S403: correcting the initial high-frequency band signal by using a time domain global gain parameter to obtain a corrected high-frequency band time domain signal;

in one embodiment, the modified high-band time-domain signal is obtained by multiplying the initial high-band signal by a time-domain global gain parameter.

In another embodiment, step S403 may include:

weighting the energy ratio and the time domain global gain parameter to obtain a weighted value serving as a predicted global gain parameter, wherein the energy ratio is the ratio of the energy of the historical frame high-frequency band time domain signal to the energy of the current frame initial high-frequency band signal;

modifying the initial high-frequency band signal by using the predicted global gain parameter to obtain a modified high-frequency band time domain signal; i.e. the predicted global gain parameter is multiplied with the original high-band signal to obtain a modified high-band time-domain signal.

Optionally, before step S403, the method may further include:

obtaining time domain envelope parameters corresponding to the initial high-frequency band signal;

modifying the initial high-band signal with the predicted global gain parameter comprises:

and modifying the initial high-frequency band signal by utilizing the time domain envelope parameters and the time domain global gain parameters.

S404: and synthesizing the narrow-band time domain signal of the current frame and the modified high-band time domain signal and outputting the signals.

In the above embodiment, when the broadband is switched to the narrow-band, the time domain global gain parameter of the high-band signal is obtained according to the spectrum tilt parameter and the inter-frame correlation, and the energy relationship between the narrow-band signal and the high-band signal can be relatively accurately estimated by using the spectrum tilt parameter of the narrow-band, so as to better estimate the energy of the high-band signal; by using the interframe correlation, the interframe correlation of the narrow-band signals can be well utilized to estimate the interframe correlation of the high-band signals, so that when the global gain of the high-band is calculated by weighting, the real information can be well utilized, and no bad noise is introduced. The high-frequency band signal is corrected by utilizing the time domain global gain parameter, so that the high-frequency band part between the wide frequency band and the narrow frequency band is stably transited, and the auditory sense of discomfort caused by switching between the wide frequency band and the narrow frequency band is effectively removed.

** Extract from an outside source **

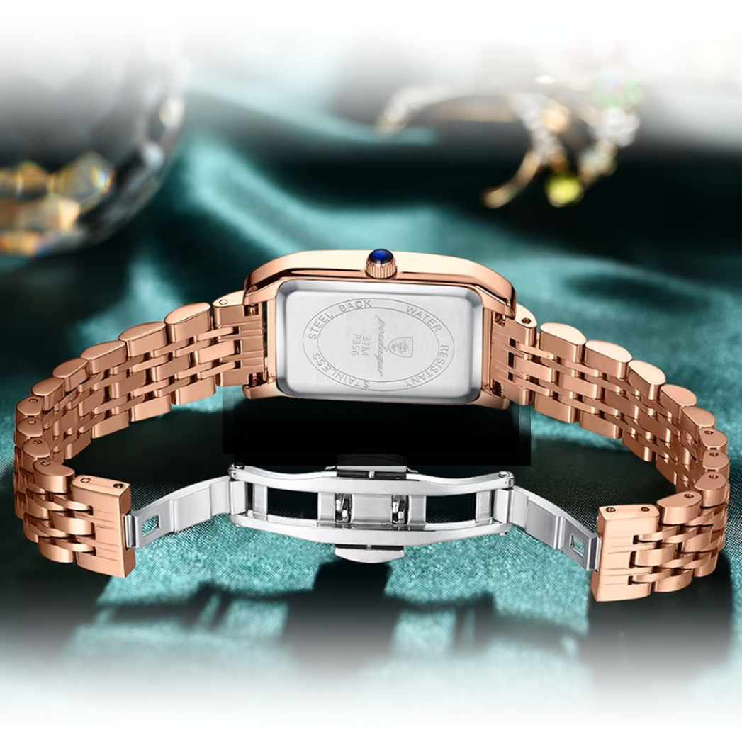 Cuarzo (MIYOTA 2415)- El movimiento es de cuarzo, lo que significa que funciona con pilas. Un movimiento de cuarzo es fácil de mantener y garantiza que el reloj funcione siempre con precisión.

In association with the above method embodiments, the present invention further provides a voice frequency signal processing apparatus, which may be located in a terminal device, a network device, or a test device. The voice frequency signal processing device can be realized by a hardware circuit or by software and hardware. For example, referring to fig. 5, the speech frequency signal processing means is called by a processor to implement speech frequency signal processing. The voice frequency signal processing apparatus may perform various methods and procedures in the above-described method embodiments.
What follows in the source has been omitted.